Saved data entries:
========================================================================

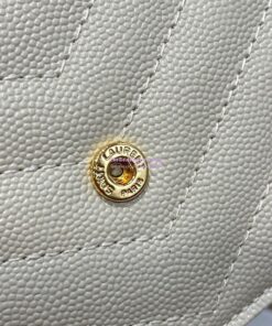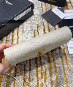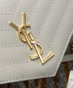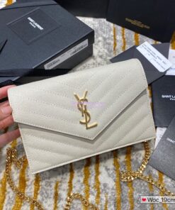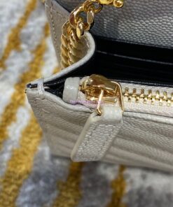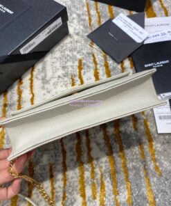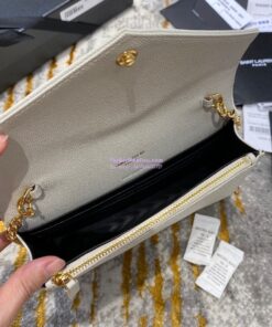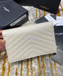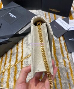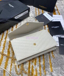 Replica YSL Saint Laurent Envelope Chain Wallet Grain De Poudre 393953 White in Gold Hardware
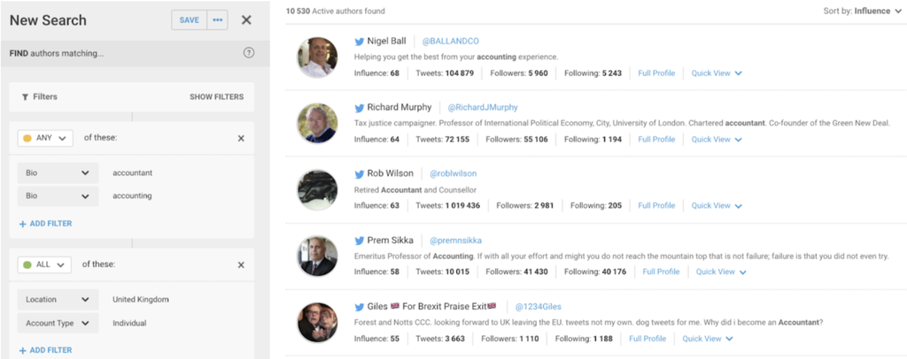 Par exemple, si votre public cible est constitué de comptables basés au Royaume-Uni, vous pouvez effectuer une recherche au sein de Social Panels afin de filtrer les auteurs et de ne garder que ceux dont la biographie contient les mots « comptable » ou « comptabilité », afficher les comptes individuels (par opposition aux entreprises) et ne garder que ceux situés au Royaume-Uni.
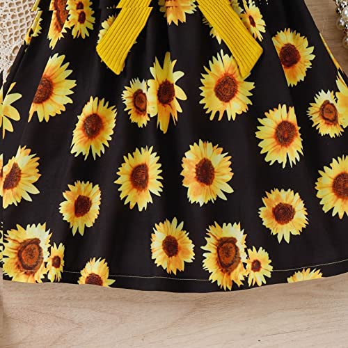 Summer Girls' Dress Small and Medium School Children's Shoulder Strap Lace Sleeveless Sunflower Print Splice Place Dress 6
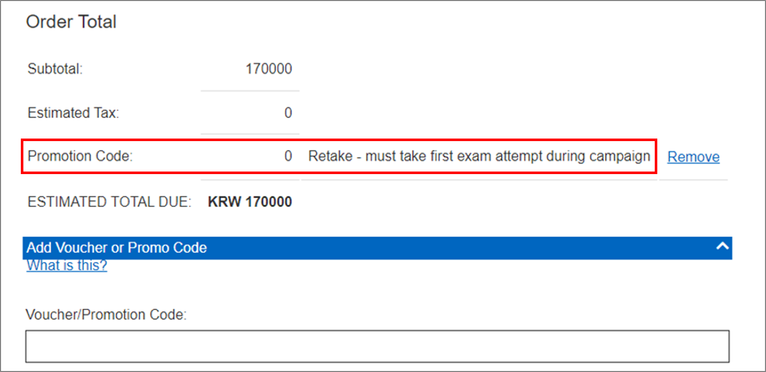 방법은 아주 간단하며, 시험 접수시 프로모션 코드에 PEARSONKR 를 입력하기만 하면 됩니다.
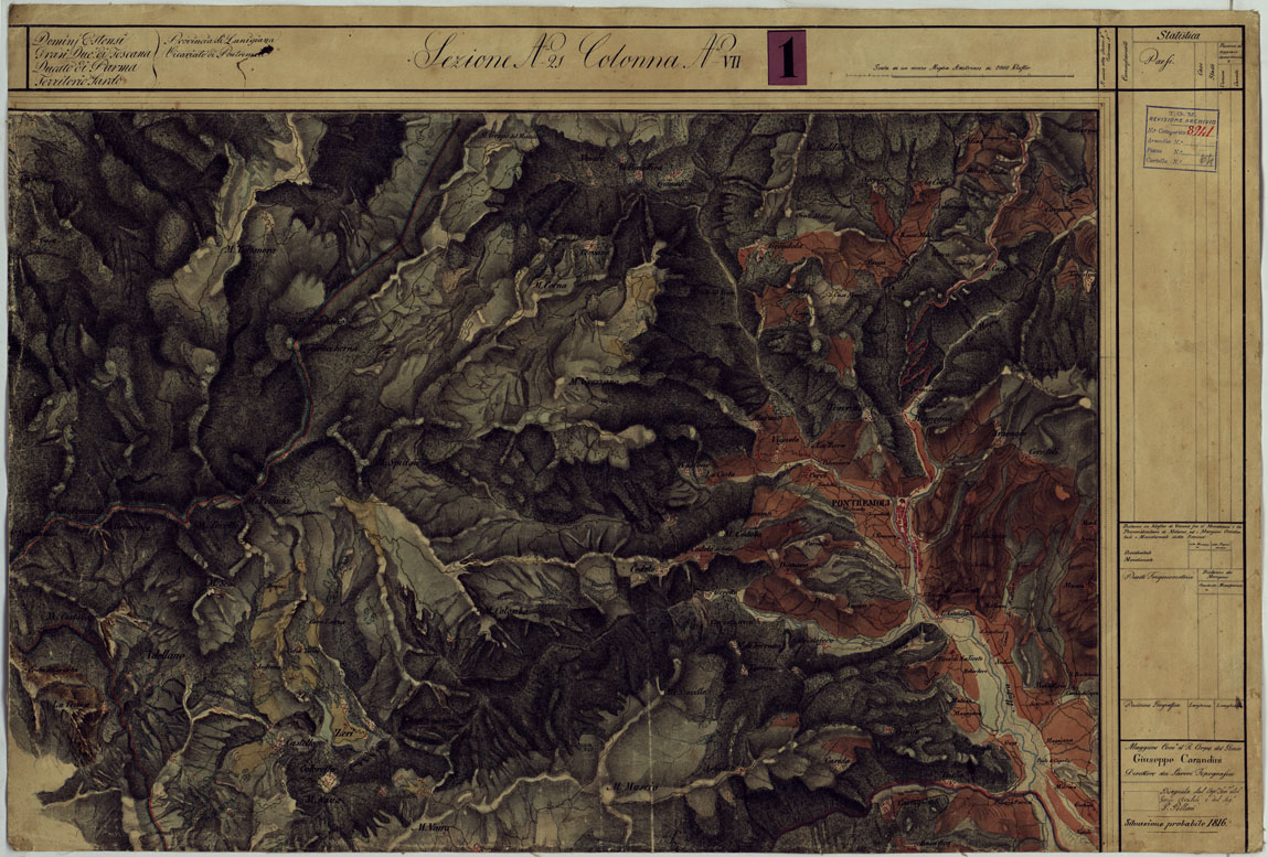 "Sono quarantacinque fogli rilevati sul terreno sotta la direzione del Magg. Carandini del Genio Modenese dal 1821 al 1828. Ad acquarello, con orografia rappresentata mediante tratteggio a luce zenitale, centri abitati e strade principali in rosso, idrografia in azzurro. A destra di ciascun foglio una colonna preparata per i dati statistici, le posizioni geografiche, ecc. in basso le firme degli ufficiali che attesero al lavoro. La carta venne incisa su rame nel 1828 dal R.I. Geogr. Milit. Austriaco in Milano e servì per la riproduzione e il disegno della carta alla scala di 1:86.400 (ved. N° 10 d'ordine. Cart. d'Arch. N° 54, Docum. N°7 e 8). Alla carta è annesso un quadro d'unione. (Cnfr: Mori A., La cartografia ufficiale, ecc.,pagg. 55-56). Due copie una delle quali incompleta: Docum. N° 8942. Una riduzione al 100.000 si compone di 10 fogli disegnati a colori - Docum. N° 8943)"

========================================================================

### Task details
Excluding the pictures, reproduce every entry exactly as given.

### Final answer
 Replica YSL Saint Laurent Envelope Chain Wallet Grain De Poudre 393953 White in Gold Hardware
 Par exemple, si votre public cible est constitué de comptables basés au Royaume-Uni, vous pouvez effectuer une recherche au sein de Social Panels afin de filtrer les auteurs et de ne garder que ceux dont la biographie contient les mots « comptable » ou « comptabilité », afficher les comptes individuels (par opposition aux entreprises) et ne garder que ceux situés au Royaume-Uni.
 Summer Girls' Dress Small and Medium School Children's Shoulder Strap Lace Sleeveless Sunflower Print Splice Place Dress 6
 방법은 아주 간단하며, 시험 접수시 프로모션 코드에 PEARSONKR 를 입력하기만 하면 됩니다.
 "Sono quarantacinque fogli rilevati sul terreno sotta la direzione del Magg. Carandini del Genio Modenese dal 1821 al 1828. Ad acquarello, con orografia rappresentata mediante tratteggio a luce zenitale, centri abitati e strade principali in rosso, idrografia in azzurro. A destra di ciascun foglio una colonna preparata per i dati statistici, le posizioni geografiche, ecc. in basso le firme degli ufficiali che attesero al lavoro. La carta venne incisa su rame nel 1828 dal R.I. Geogr. Milit. Austriaco in Milano e servì per la riproduzione e il disegno della carta alla scala di 1:86.400 (ved. N° 10 d'ordine. Cart. d'Arch. N° 54, Docum. N°7 e 8). Alla carta è annesso un quadro d'unione. (Cnfr: Mori A., La cartografia ufficiale, ecc.,pagg. 55-56). Due copie una delle quali incompleta: Docum. N° 8942. Una riduzione al 100.000 si compone di 10 fogli disegnati a colori - Docum. N° 8943)"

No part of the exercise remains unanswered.